* Records for processing:
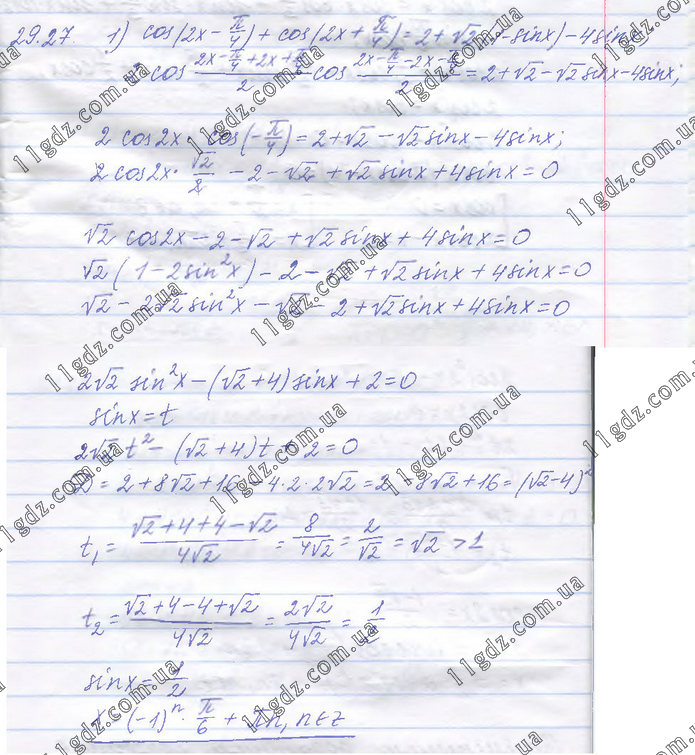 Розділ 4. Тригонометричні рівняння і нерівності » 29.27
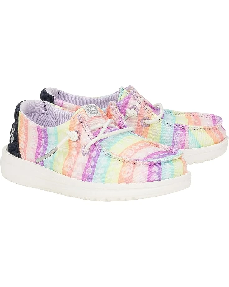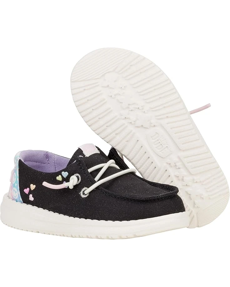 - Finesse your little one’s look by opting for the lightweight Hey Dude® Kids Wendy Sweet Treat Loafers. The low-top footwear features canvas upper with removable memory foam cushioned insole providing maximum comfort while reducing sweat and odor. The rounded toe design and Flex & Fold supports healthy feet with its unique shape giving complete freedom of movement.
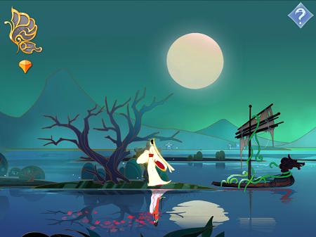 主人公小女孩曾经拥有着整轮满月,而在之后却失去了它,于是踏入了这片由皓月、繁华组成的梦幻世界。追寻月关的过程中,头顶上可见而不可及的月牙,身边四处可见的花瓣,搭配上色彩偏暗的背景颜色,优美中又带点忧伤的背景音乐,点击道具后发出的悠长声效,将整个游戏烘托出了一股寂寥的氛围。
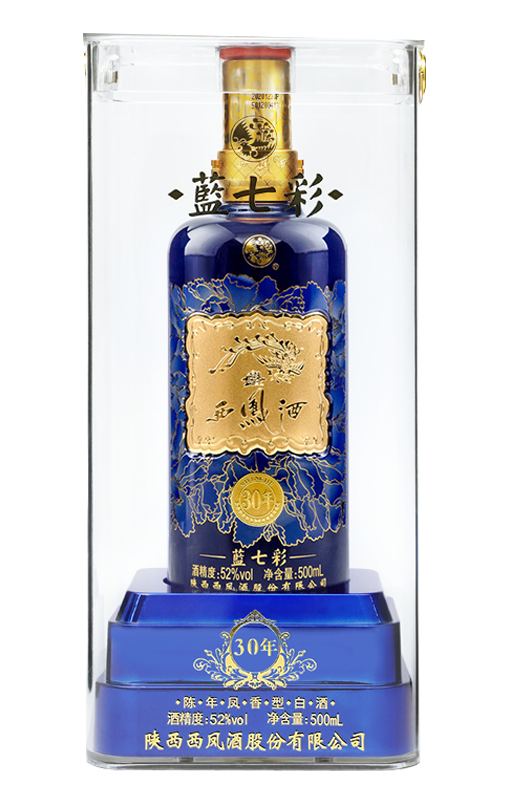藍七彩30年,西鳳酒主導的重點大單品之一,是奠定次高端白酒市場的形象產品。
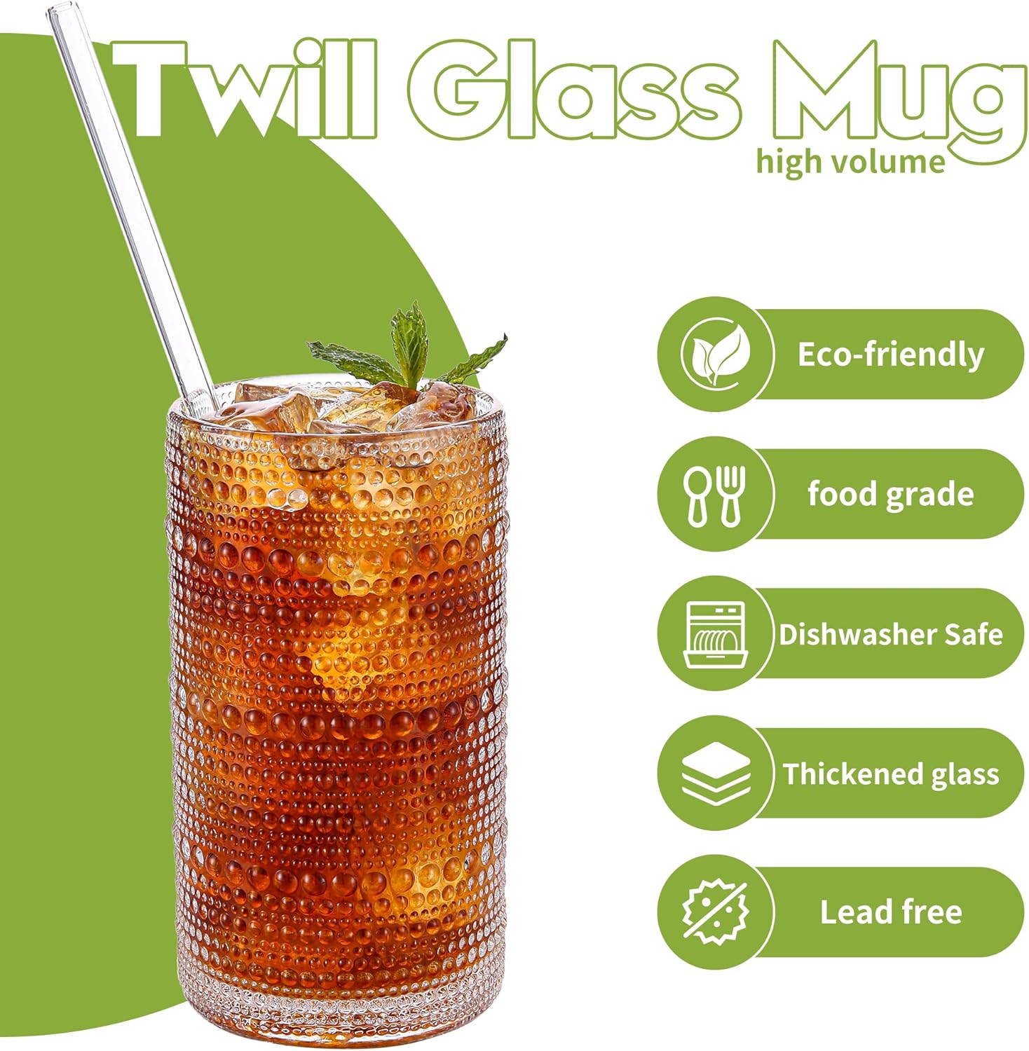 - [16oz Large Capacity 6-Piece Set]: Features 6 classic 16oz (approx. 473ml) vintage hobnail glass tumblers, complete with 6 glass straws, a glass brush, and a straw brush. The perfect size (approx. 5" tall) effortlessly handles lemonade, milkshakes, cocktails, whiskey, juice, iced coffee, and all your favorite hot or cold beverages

* Your objective: Restate only the lines running from the start of the material above through the line containing "- Finesse your", ends included. No pictures.

* Result of the exercise:
 Розділ 4. Тригонометричні рівняння і нерівності » 29.27
 - Finesse your little one’s look by opting for the lightweight Hey Dude® Kids Wendy Sweet Treat Loafers. The low-top footwear features canvas upper with removable memory foam cushioned insole providing maximum comfort while reducing sweat and odor. The rounded toe design and Flex & Fold supports healthy feet with its unique shape giving complete freedom of movement.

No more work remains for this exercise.